▶ Try it:
Omitting the pictures, print every line below exactly as it stands.

▶ Supplied material:
[Start of Attachment]
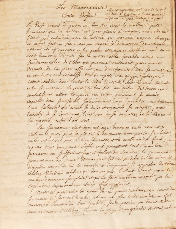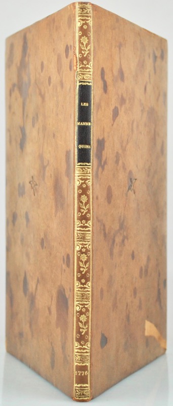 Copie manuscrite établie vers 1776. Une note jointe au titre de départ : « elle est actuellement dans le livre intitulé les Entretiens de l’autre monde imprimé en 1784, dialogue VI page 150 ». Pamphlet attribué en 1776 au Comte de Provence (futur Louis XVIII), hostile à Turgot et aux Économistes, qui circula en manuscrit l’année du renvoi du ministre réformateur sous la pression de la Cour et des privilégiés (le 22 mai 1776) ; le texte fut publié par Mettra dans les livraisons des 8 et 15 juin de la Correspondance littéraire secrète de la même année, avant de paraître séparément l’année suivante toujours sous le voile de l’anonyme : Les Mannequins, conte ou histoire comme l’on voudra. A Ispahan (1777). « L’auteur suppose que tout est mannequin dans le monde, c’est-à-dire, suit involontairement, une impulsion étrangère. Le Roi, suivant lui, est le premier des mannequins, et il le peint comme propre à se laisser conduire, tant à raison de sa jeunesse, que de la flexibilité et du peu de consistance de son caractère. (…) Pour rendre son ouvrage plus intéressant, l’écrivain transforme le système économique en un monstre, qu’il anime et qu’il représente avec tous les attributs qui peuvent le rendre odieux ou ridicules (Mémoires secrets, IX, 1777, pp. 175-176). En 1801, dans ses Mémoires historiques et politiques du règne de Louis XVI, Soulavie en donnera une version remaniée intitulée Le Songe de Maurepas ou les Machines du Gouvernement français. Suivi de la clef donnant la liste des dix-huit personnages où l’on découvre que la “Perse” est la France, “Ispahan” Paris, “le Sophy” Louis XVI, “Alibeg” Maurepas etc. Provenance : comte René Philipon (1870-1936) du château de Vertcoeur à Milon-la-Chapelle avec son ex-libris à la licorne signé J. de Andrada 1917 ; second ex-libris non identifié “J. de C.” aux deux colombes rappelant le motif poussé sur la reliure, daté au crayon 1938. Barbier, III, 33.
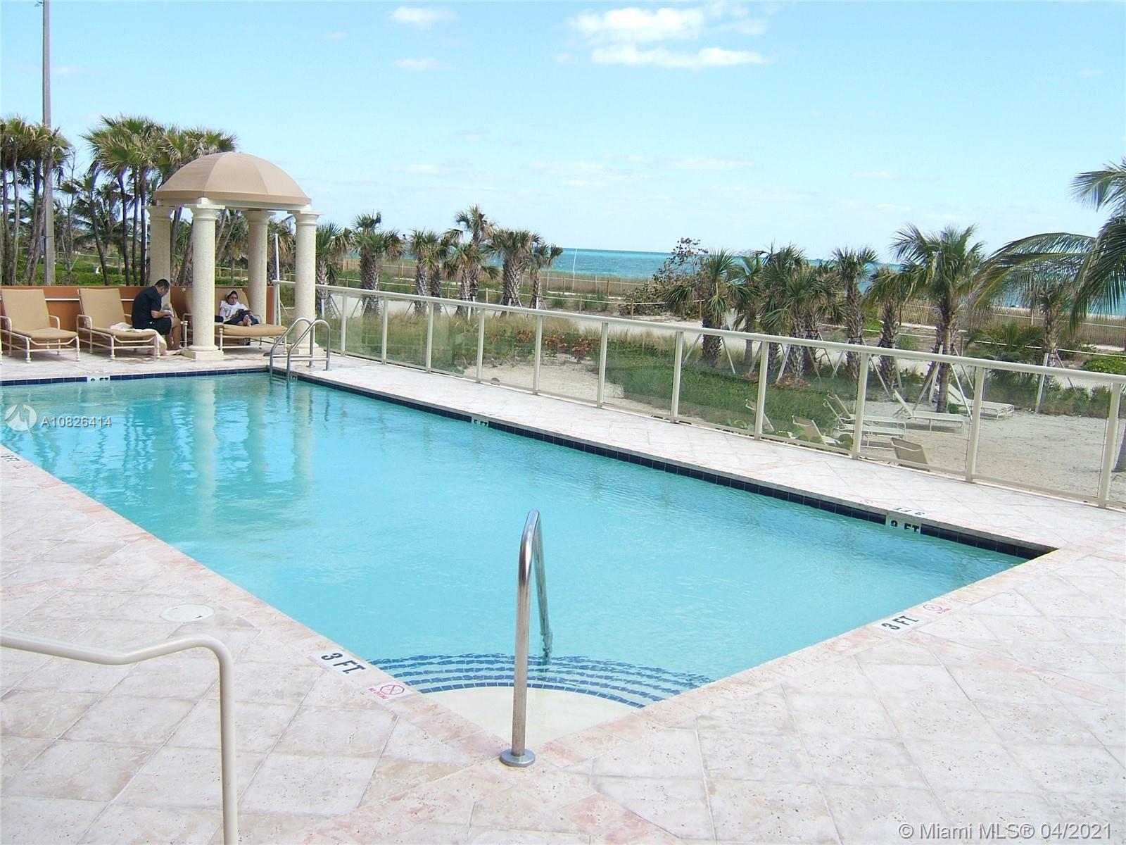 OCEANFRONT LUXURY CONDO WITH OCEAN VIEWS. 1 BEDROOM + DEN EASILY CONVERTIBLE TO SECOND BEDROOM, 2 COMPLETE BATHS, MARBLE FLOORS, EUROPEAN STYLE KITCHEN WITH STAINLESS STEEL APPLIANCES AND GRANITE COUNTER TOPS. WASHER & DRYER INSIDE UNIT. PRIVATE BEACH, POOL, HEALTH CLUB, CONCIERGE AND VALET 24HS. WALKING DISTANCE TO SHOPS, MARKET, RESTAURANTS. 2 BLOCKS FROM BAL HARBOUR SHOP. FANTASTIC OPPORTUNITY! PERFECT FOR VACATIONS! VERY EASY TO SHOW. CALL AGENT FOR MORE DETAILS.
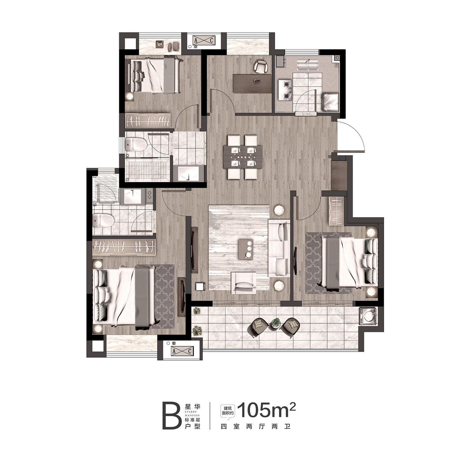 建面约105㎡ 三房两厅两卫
[End of Attachment]
▶ Answer area:
 Copie manuscrite établie vers 1776. Une note jointe au titre de départ : « elle est actuellement dans le livre intitulé les Entretiens de l’autre monde imprimé en 1784, dialogue VI page 150 ». Pamphlet attribué en 1776 au Comte de Provence (futur Louis XVIII), hostile à Turgot et aux Économistes, qui circula en manuscrit l’année du renvoi du ministre réformateur sous la pression de la Cour et des privilégiés (le 22 mai 1776) ; le texte fut publié par Mettra dans les livraisons des 8 et 15 juin de la Correspondance littéraire secrète de la même année, avant de paraître séparément l’année suivante toujours sous le voile de l’anonyme : Les Mannequins, conte ou histoire comme l’on voudra. A Ispahan (1777). « L’auteur suppose que tout est mannequin dans le monde, c’est-à-dire, suit involontairement, une impulsion étrangère. Le Roi, suivant lui, est le premier des mannequins, et il le peint comme propre à se laisser conduire, tant à raison de sa jeunesse, que de la flexibilité et du peu de consistance de son caractère. (…) Pour rendre son ouvrage plus intéressant, l’écrivain transforme le système économique en un monstre, qu’il anime et qu’il représente avec tous les attributs qui peuvent le rendre odieux ou ridicules (Mémoires secrets, IX, 1777, pp. 175-176). En 1801, dans ses Mémoires historiques et politiques du règne de Louis XVI, Soulavie en donnera une version remaniée intitulée Le Songe de Maurepas ou les Machines du Gouvernement français. Suivi de la clef donnant la liste des dix-huit personnages où l’on découvre que la “Perse” est la France, “Ispahan” Paris, “le Sophy” Louis XVI, “Alibeg” Maurepas etc. Provenance : comte René Philipon (1870-1936) du château de Vertcoeur à Milon-la-Chapelle avec son ex-libris à la licorne signé J. de Andrada 1917 ; second ex-libris non identifié “J. de C.” aux deux colombes rappelant le motif poussé sur la reliure, daté au crayon 1938. Barbier, III, 33.
 OCEANFRONT LUXURY CONDO WITH OCEAN VIEWS. 1 BEDROOM + DEN EASILY CONVERTIBLE TO SECOND BEDROOM, 2 COMPLETE BATHS, MARBLE FLOORS, EUROPEAN STYLE KITCHEN WITH STAINLESS STEEL APPLIANCES AND GRANITE COUNTER TOPS. WASHER & DRYER INSIDE UNIT. PRIVATE BEACH, POOL, HEALTH CLUB, CONCIERGE AND VALET 24HS. WALKING DISTANCE TO SHOPS, MARKET, RESTAURANTS. 2 BLOCKS FROM BAL HARBOUR SHOP. FANTASTIC OPPORTUNITY! PERFECT FOR VACATIONS! VERY EASY TO SHOW. CALL AGENT FOR MORE DETAILS.
 建面约105㎡ 三房两厅两卫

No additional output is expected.